Idiomatic, type-safe Python client for the Researchwise AI Pulse REST API.

Changelog

Starting with version 0.3.4, changelogs are automatically generated using Release Please based on Conventional Commits. See CHANGELOG.md for the full changelog.

Recent Changes

  • 0.3.3
    • Fix: decouple base URL and OAuth audience configuration to avoid unintended coupling between environments.
  • 0.3.2
    • Improve 401 Unauthorized diagnostics: PulseAPIError now includes AWS API Gateway hints when available (e.g., www-authenticate, x-amzn-errortype, apigw-requestid).
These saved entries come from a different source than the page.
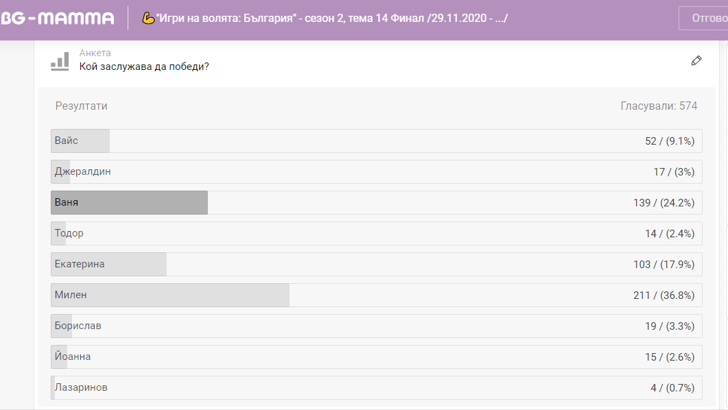 Фаворити | Милен | Боби | ХХХХХХ | ХХХХХХ | Милен | Боби | Боби | Милен | Милен |
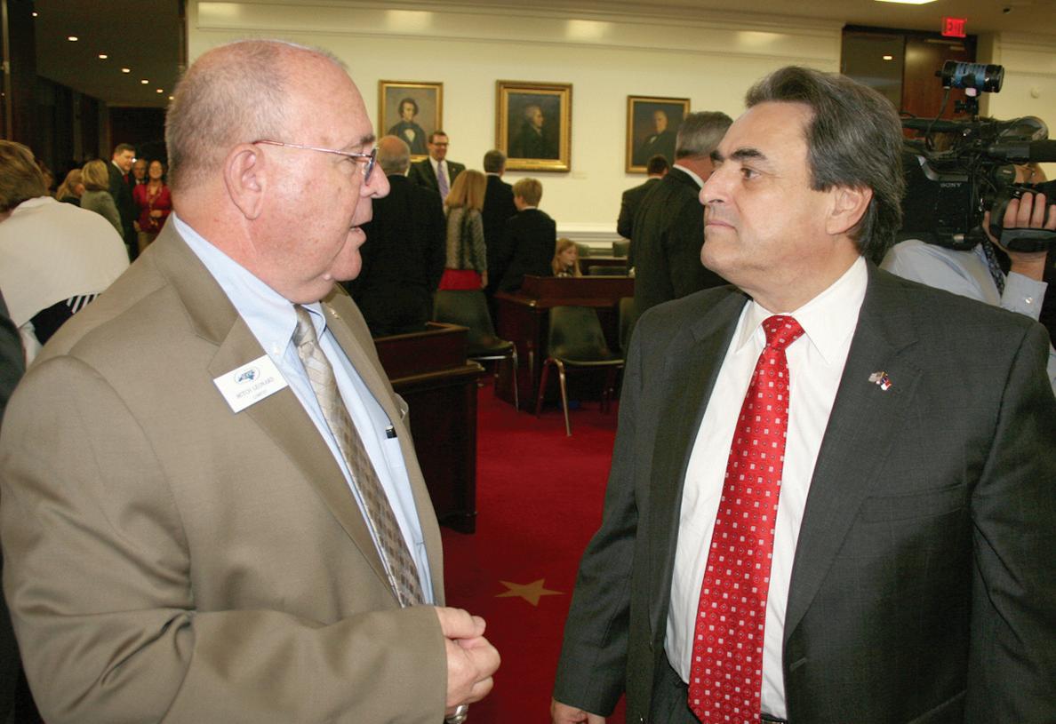 At left is SEANC Legislative Affairs Director Ardis Watkins and N.C. Senate Leader Phil Berger (R-Rockingham) on the General Assembly’s opening day on Jan. 9. Below, SEANC Lobbyist Mitch Leonard (left) talks to Sen. Bob Rucho (R-Mecklenburg) about the upcoming session.
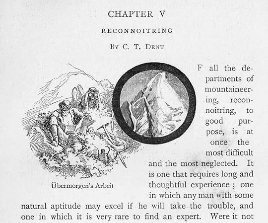 Today I'd like to share some beautiful illustrations with you. One of my most prized books is the Badminton Book of Mountaineering, a massive tome of 19th century climbing lore compiled by C.T. Dent and published in 1892. It features contributions from the greatest climbers of the post-golden age era, including W.M. Conway, D.W. Freshfield, C.E. Mathews, and C. Pilkington.
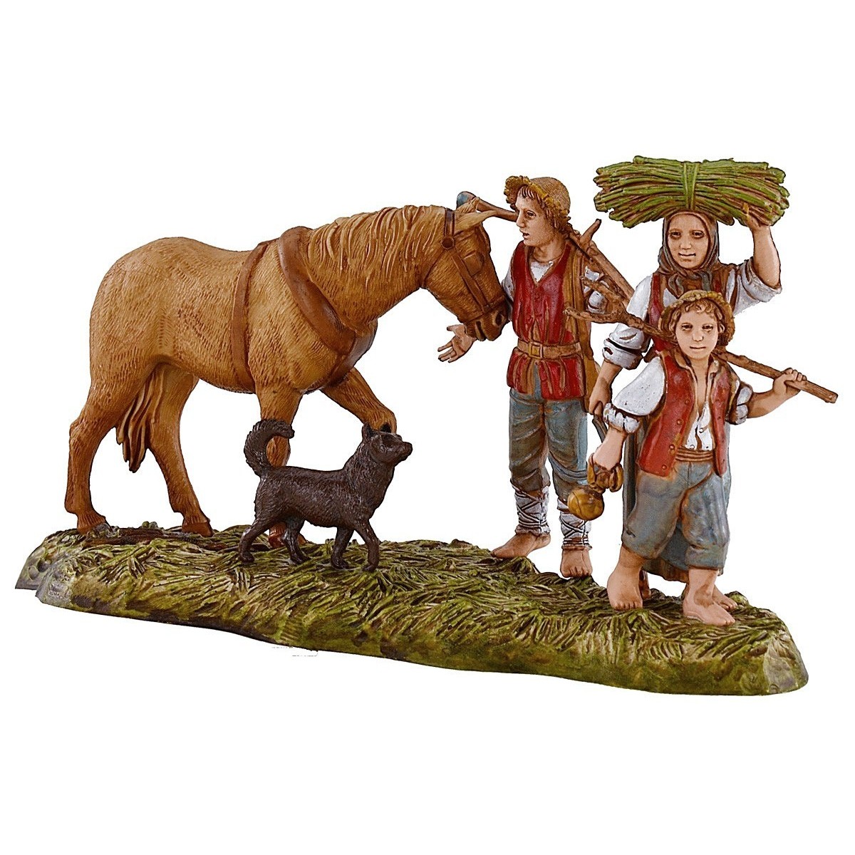 Familia de campesinos con perro y caballo, escena para belén de la serie Landi Moranduzzo 10 cm. Se precisa que la mencionada serie mide realmente alrededor de 8,5-9 cm de altura. Las estatuas de esta marca se caracterizan por el cuidado en la expresividad de los rostros y cada detalle individual; de hecho, todas las series firmadas por Landi son producidas y pintadas a mano en Italia.
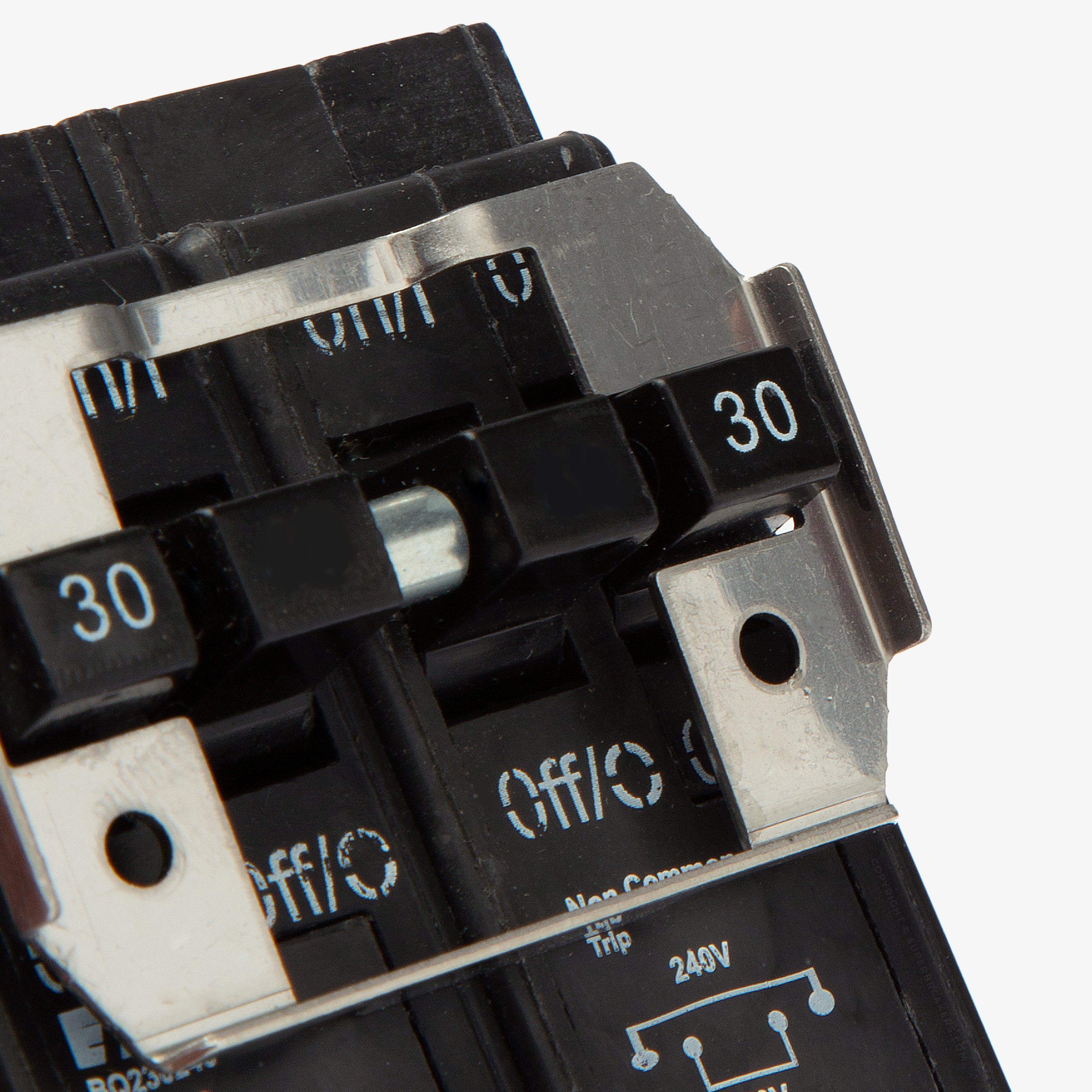 The Eaton BQC230215 is a quad molded case circuit breaker with a current rating of (1) 2-Pole 30 Amps, (1) 2-Pole 15 Amps and a voltage rating of 120/240VAC. It has an interrupting rating of 10kAIC at 240V. The BQC230215 has a plug-on mounting type and includes LI - long-time and instantaneous trip functions.
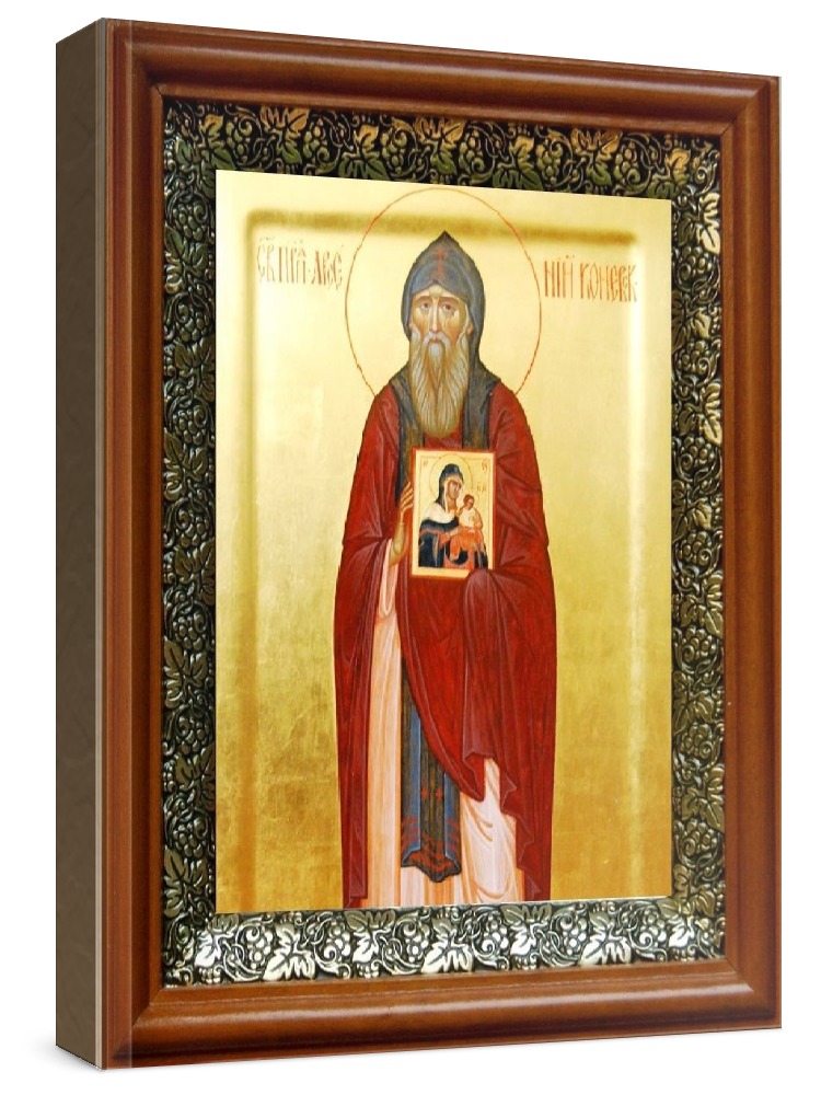 Икона арсений коневский (19х22), светлый киот
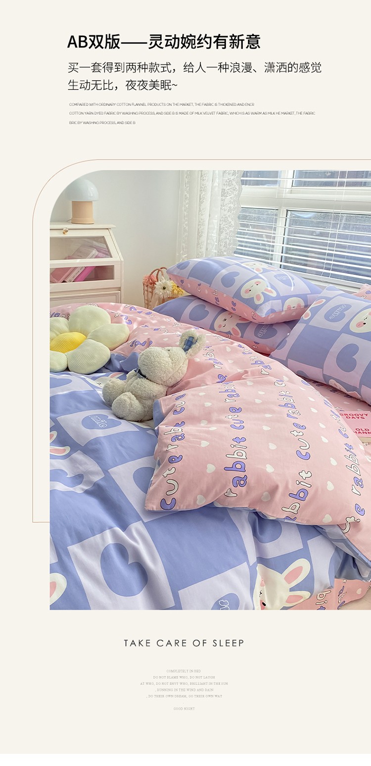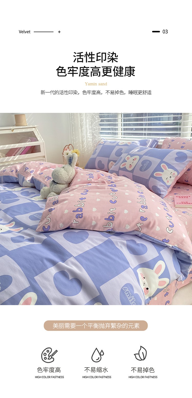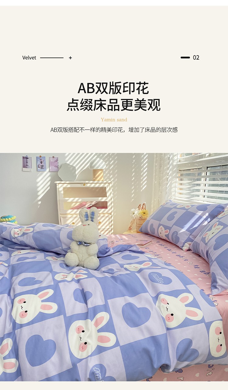 曼之夏 2022新款13372全棉清新印花四件套 宝心软糖兔
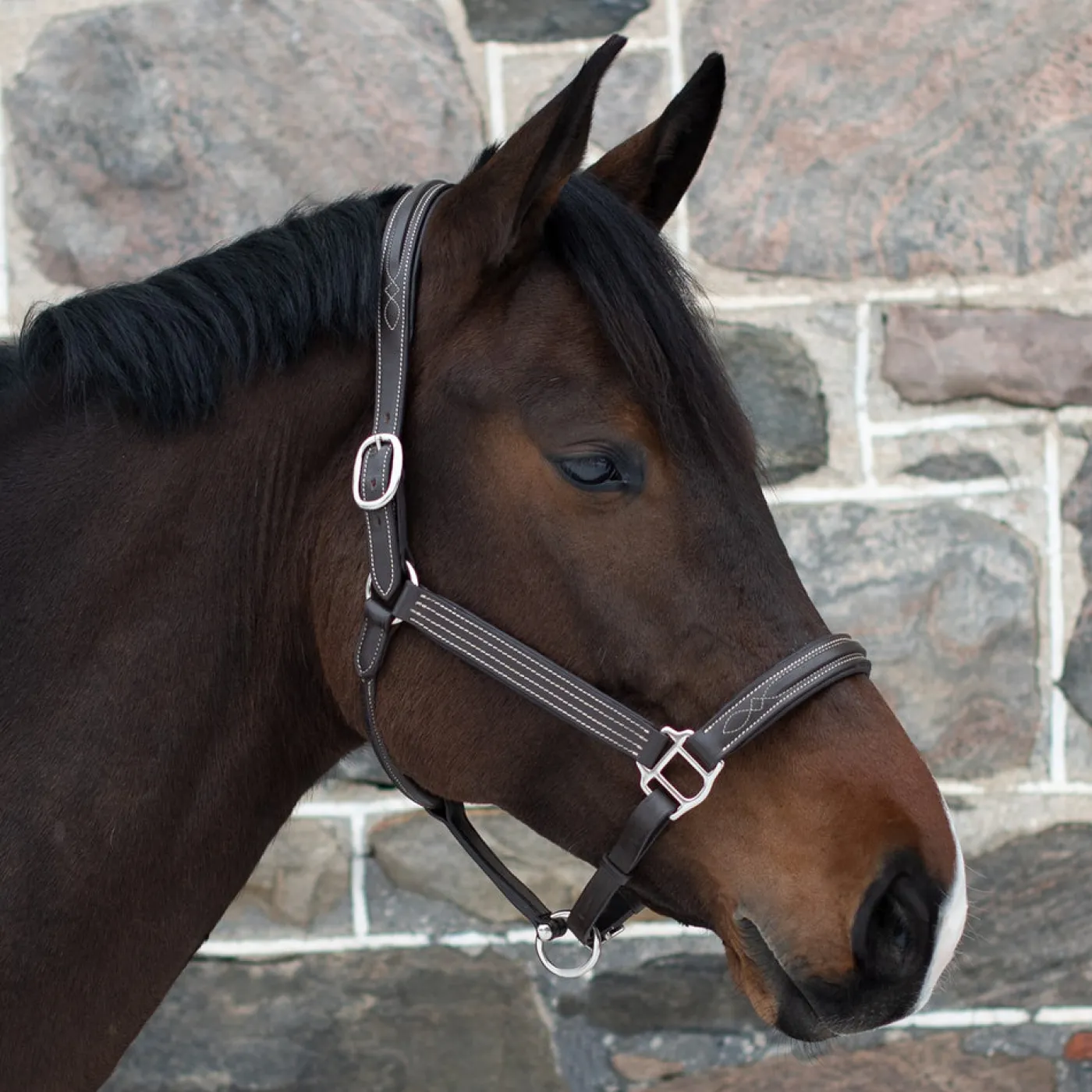 Made from soft Italian leather this beautiful halter is adorned with elegant cream coloured stitching giving a polished look to your horse.

This makes it easier to troubleshoot token and audience issues.

Features

  • Low‑level CoreClient for direct API calls: embeddings, similarity, themes, clustering, sentiment, summaries, extractions
  • Usage reporting surfaced on all responses (resp.usage_total, resp.usage_records_by_feature())
  • High‑level Analyzer for orchestrating multi‑step workflows with caching
  • Built-in processes: ThemeGeneration, ThemeAllocation, SentimentProcess, Cluster
  • Result helpers: pandas DataFrame conversion, summaries, visualizations (bar charts, scatter, dendrogram)
  • On‑disk and in‑memory caching via diskcache
  • First-class interop with pandas, NumPy, and scikit‑learn

Documentation

First-Time Setup (Developers)

Use Python 3.8+ and a virtual environment.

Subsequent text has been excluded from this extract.